<ロッテ5-9日本ハム>◇30日◇QVCマリン

 日本ハム大谷翔平投手(19)はマウンドで小さく息を吐いた。4回2死一、二塁。代打里崎に特大ファウルを打たれ、肝を冷やした直後のことだ。身震いするような大歓声の中、ファウルで粘られて6球目。「ああいうファウルを見せられたので…」。より慎重に投げたはずのスライダーがすっぽ抜け、里崎の肘に直撃した。それまで張り詰めていた緊張の糸が、一瞬にして緩んだように見えた。

 「(投球フォームの)バランスが良くなかった。踏み込みが思った位置にいかなくて、狙い通りの球を投げられなかった」。続く塀内の時には、左足を大きく前に踏み出した際にバランスを崩し、ふらついた。ストレートの押し出し四球を与えて1点を失うと、上位打線に連続適時長短打を浴びて、この回5失点。プロ入り後、自己最短タイとなる4回KO。ほろ苦い思いを残して降板した。
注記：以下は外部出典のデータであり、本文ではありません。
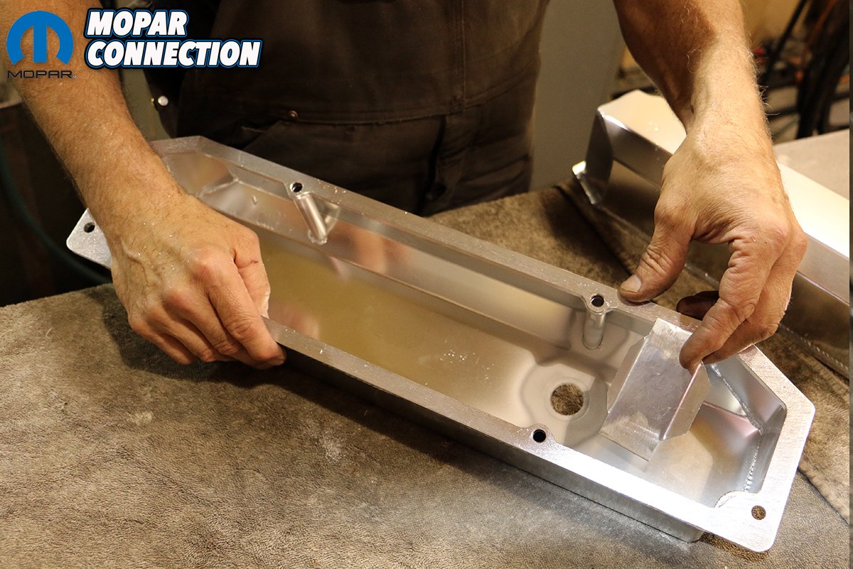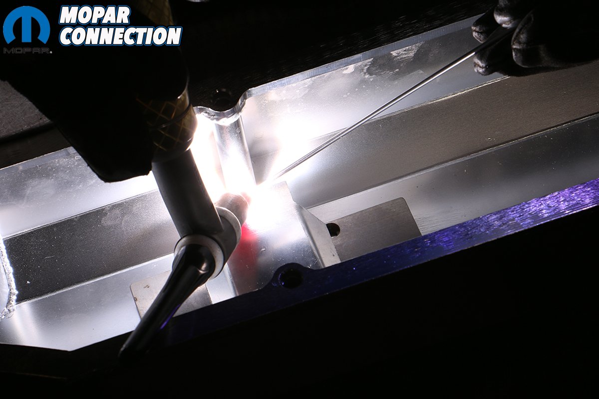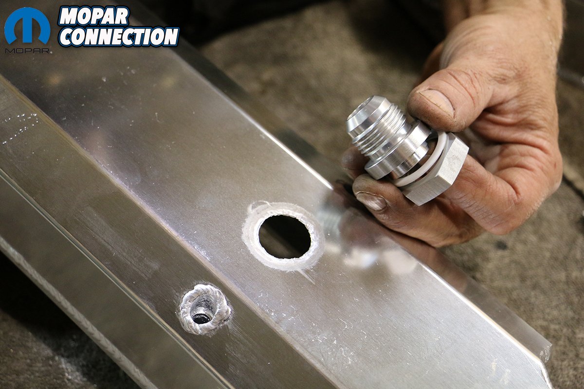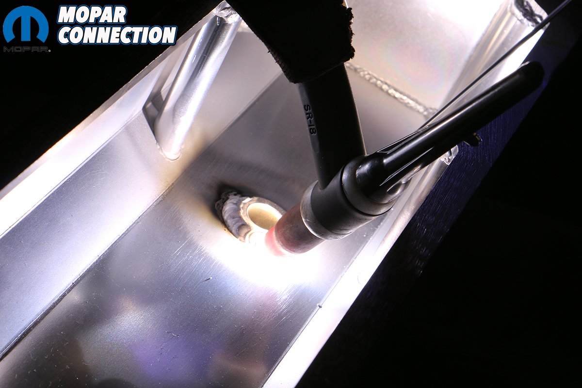 Above: Mopar Connection Magazine Technical Advisor Tray Batey is pretty handy with a TIG welder and handily fused our AN fitting to our new valve covers careful not to burn the coating off of the brushed aluminum covers.

 この日の最速は154キロ。投じた80球のうち、30球が150キロを超え、序盤は打者のバットを押し込んだ。ただ、1対1の勝負には勝てても、走者を出すと弱点が露呈する。1度投球フォームのバランスが崩れると、すぐには修正できない傾向にあった。特にセットポジションの投球になると、その傾向はより顕著になる。弱点を克服しなければ、1軍の先発ローテーションは守れない。大谷は「要所で自分が落ち込むようなプレーをしてしまったのが残念」と嘆いた。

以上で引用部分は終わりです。